Material-barrier Tunneling in One-dimensional Few-boson Mixtures
Anika C. Pflanzer, Sascha Z\"ollner, Peter Schmelcher

TL;DR
This paper investigates the quantum dynamics of strongly interacting one-dimensional bosonic mixtures, revealing how a localized species acts as a barrier and influences tunneling and correlated states, with implications for understanding few-body quantum systems.
Contribution
It introduces a detailed analysis of how a localized species in a bosonic mixture acts as an effective barrier and affects inter-species dynamics, including induced attractions and correlated states.
Findings
Localized species can serve as an effective potential barrier.
Backaction induces attraction that can dominate intra-species interactions.

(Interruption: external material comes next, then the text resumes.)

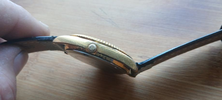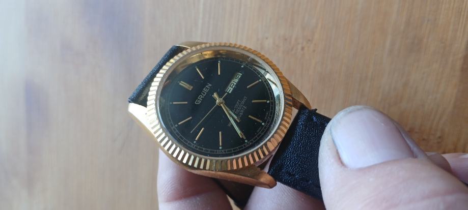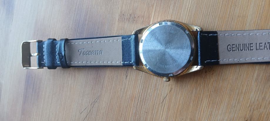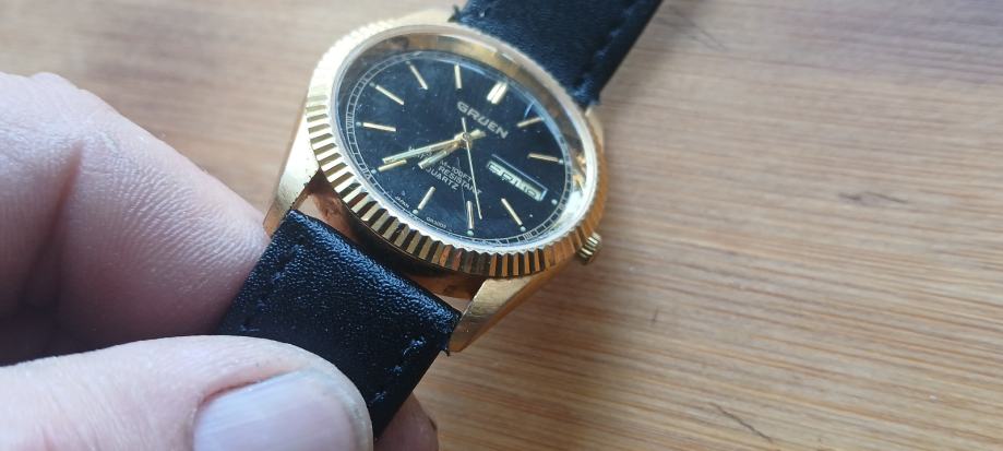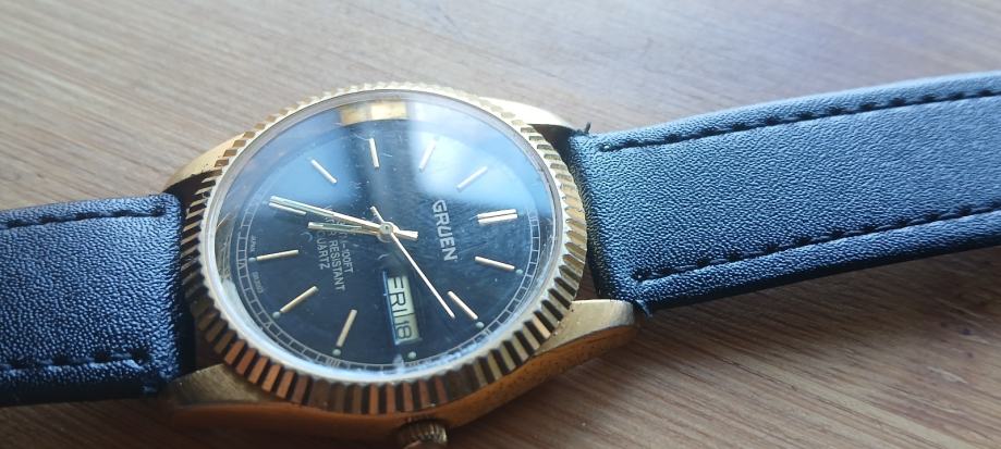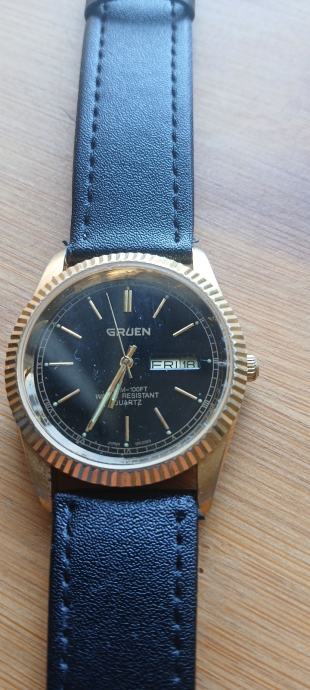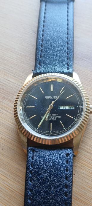 Gruen quartz, 237-2105,dan i datum ispravan i u dobrom stanju muski sat.Stavljena nova kvalitetna baterija i novi kozni remen.

Backaction significantly alters tunneling dynamics of bound pairs.
Abstract
We study the quantum dynamics of strongly interacting few-boson mixtures in one-dimensional traps. If one species is strongly localized compared to the other (e.g., much heavier), it can serve as an effective potential barrier for that mobile component. Near the limit of infinite localization, we map this to a system of identical bosons in a double well. For realistic localization, the backaction of the light species on the "barrier" atoms is explained--to lowest order--in terms of an induced attraction between these. Even in equilibrium, this may outweigh the bare intra-species interaction, leading to unexpected correlated states. Remarkably, the backaction drastically affects the inter-species dynamics, such as the tunneling of an attractively bound pair of fermionized atoms.